Tout cela n'est pas si dramatique, bien sûr. Mais si les perturbations logistiques ne sont pas résolues, la pression négative demeurera. Et où cela finit-il alors ? Pour l'instant, les économistes, les banquiers centraux et les investisseurs ne peuvent guère faire autrement que de surveiller cela de près. Il est clair que les macroéconomistes comme moi sont complètement ignorants des processus logistiques et nous n'avons aucune idée pourquoi les problèmes restent si persistants. Ce serait donc bien si nous entendions plus de gens qui le savent. Ou ne seraient-ils pas là ?

La Fed va diminuer
Si les progrès vers la réalisation des objectifs politiques se poursuivent, la Réserve fédérale américaine annoncera très probablement en novembre qu'elle commencera à réduire ses achats d'obligations en décembre. Cela est devenu évident après la réunion politique de la Fed plus tôt cette semaine. Ce n'était pas très surprenant. Plusieurs responsables de la Fed avaient déjà clairement exprimé dans des discours leur préférence pour une telle politique et il semblait y avoir peu de résistance. "Ne soyez pas surpris", c'est exactement ce que veut la Fed. Les chocs sur les marchés financiers se produisent, entre autres, lorsque surviennent des événements inattendus. La dernière chose dont la Fed a besoin maintenant est un choc financier. La communication se concentre donc sur le pilotage des attentes afin que les décisions de la Fed s'alignent sur ces attentes.

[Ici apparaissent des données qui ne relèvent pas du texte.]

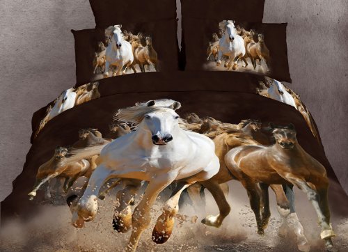Create a an Impressive horse themed bedroom with these gorgeous equestrian stallions printed with vivid colors and resolution and bring the countryside indoors. These superb Dolce Mela Duvet Cover Sets are crafted with State of the Art reactive printing panels and natural plant dyes on 100-percent Egyptian cotton. They feature exclusive centered Hi-RES designs that retain the vibrant colors for many years of proper washing. This luxury bedding set is a great choice for horse lovers bedding, dorm bedding, guest room bedding, or a great gift idea for a birthday or a housewarming gift. Designed for exceptional softness and comfort with 100-percent soft cotton at 305 tc set includes: 1 fitted bed sheet, 1 duvet cover, 2 pillow cases and 2 pillow shams. Sateen weaving produce a soft and lustrous look and eliminate typical wrinkling. Package content and sizes in-inch: 1 fitted sheet: 60 by 80 by 16 deep, 1 duvet cover: 92 by 92, 2 pillow cases 20 by 30, 2 pillow shams 20 by 30 + 2-inch flange.
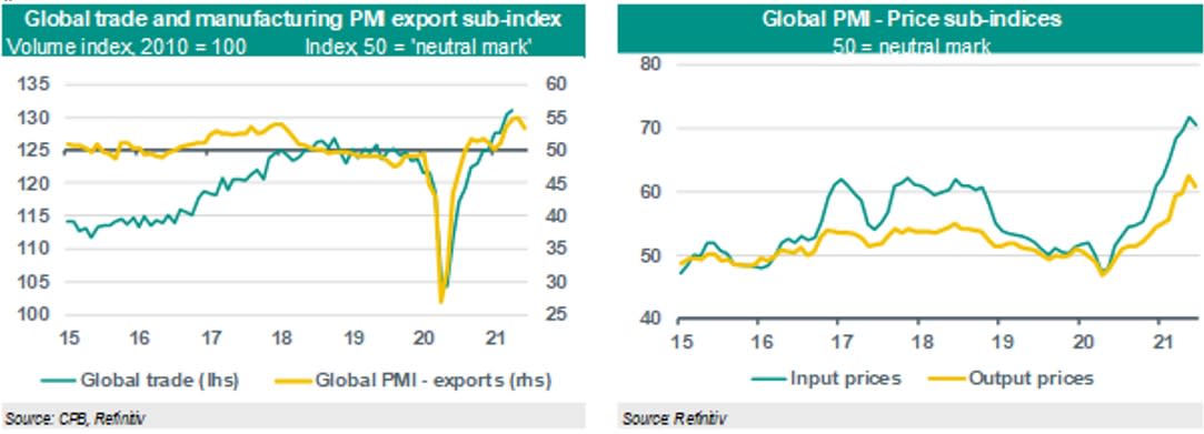 On an aggregate level, the global PMI dropped for the first time in five months (to 55.5), after having reached an 11-year high of 56.0 in May. This drop was broad based, with the global subindices for output, new orders and export orders all coming down in June compared to May. The loss in momentum suggested by this drop could well be related to – amongst others – a rebalancing in global demand from goods to services (led by the US) as economies reopen, to policy tightening in China and some other EMs (the drop in the global PMI in June was mainly driven by emerging economies), and to various supply side bottlenecks (see below). All told, the global manufacturing PMI is still at a relatively high level and remains well above the neutral 50 boundary between expansion and contraction. This suggests that further growth in global manufacturing and trade is on the cards, extending the remarkable recovery from the initial covid-19 shock in early 2020. Indeed, according to the latest CPB data, in April global trade and industrial production were up 25.2% yoy and 18.2% yoy, respectively. This is in line with our view that global industry and trade would be much less hit by virus flare ups and new lockdown measures compared to global services sectors.
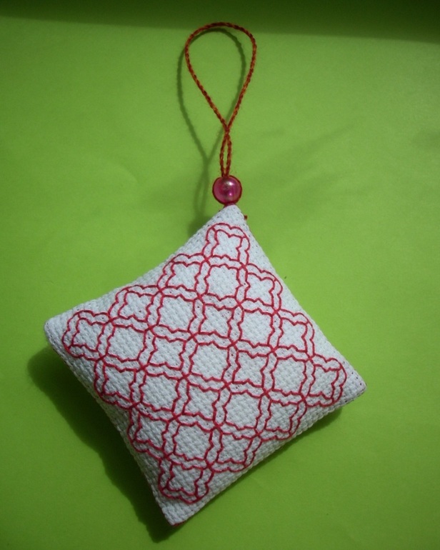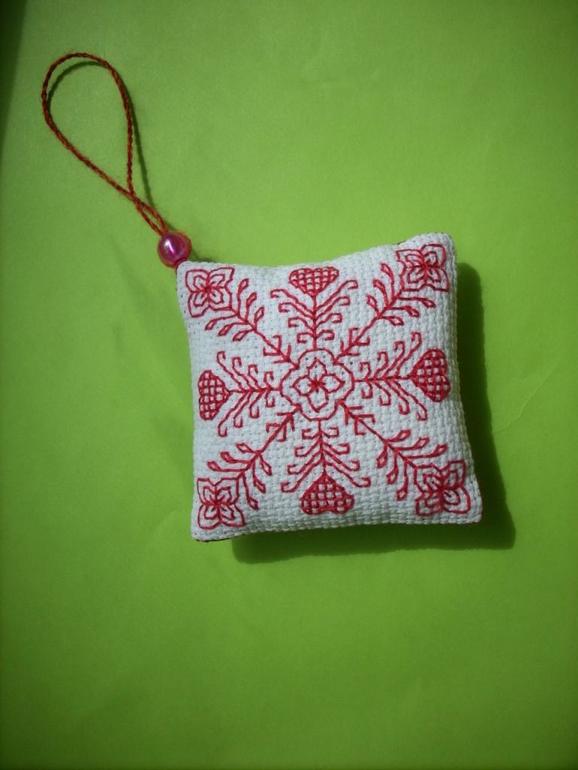 Это у вас равномерка? Какой каунт? И подушечка просто милейшая! Я бы ей только бусинку поменяла, эта розовой кажется, но может из-за солнца просто))

Ce qui était nouveau, c'est que la Fed a indiqué qu'elle souhaitait mettre fin au programme d'achat d'actifs vers la mi-2022. En fait, cela signifie un «processus de réduction» de 7 mois ou 4 réunions politiques. Étant donné que la Fed achète actuellement 120 milliards de dollars par mois, il est raisonnable de s'attendre à ce qu'une réduction de 30 milliards de dollars soit confirmée à chaque réunion au cours du processus. En 2014, la Fed a pris environ un an pour le processus de réduction, alors maintenant seulement environ la moitié. Je peux être d'accord avec cela, car la reprise économique est beaucoup plus convaincante aujourd'hui qu'elle ne l'était alors et l'inflation est beaucoup plus élevée.

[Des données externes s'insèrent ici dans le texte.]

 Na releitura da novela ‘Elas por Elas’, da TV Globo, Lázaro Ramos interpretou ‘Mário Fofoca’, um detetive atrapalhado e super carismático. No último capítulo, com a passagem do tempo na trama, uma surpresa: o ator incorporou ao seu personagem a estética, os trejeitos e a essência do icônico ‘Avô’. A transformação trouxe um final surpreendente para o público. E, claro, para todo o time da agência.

Révision inhabituellement importante du calcul du PIB aux Pays-Bas
En août, Statistics Netherlands a publié une première estimation du PIB au deuxième trimestre. Les analystes s'attendaient alors à une croissance moyenne (trimestriel) de 1,6 %. Le chiffre réel a largement dépassé cette attente : 3,1 %. Cette semaine, CBS a publié de nouveaux chiffres mis à jour. Il semble maintenant que notre économie ait augmenté de 3,8 %. C'est un ajustement géant : de 3,1 % à 3,8 %. Habituellement, une telle révision est limitée à un ou deux dixièmes au maximum. Statistics Netherlands a indiqué que la forte révision à la hausse est principalement attribuable aux dépenses de consommation, en particulier celles des consommateurs, mais aussi apparemment celles du gouvernement.

La dernière image montre que le PIB en termes réels est presque revenu aux niveaux d'avant la pandémie. C'est beau. L'étendue de l'examen indique à quel point les incertitudes entourent actuellement la mesure de l'activité économique.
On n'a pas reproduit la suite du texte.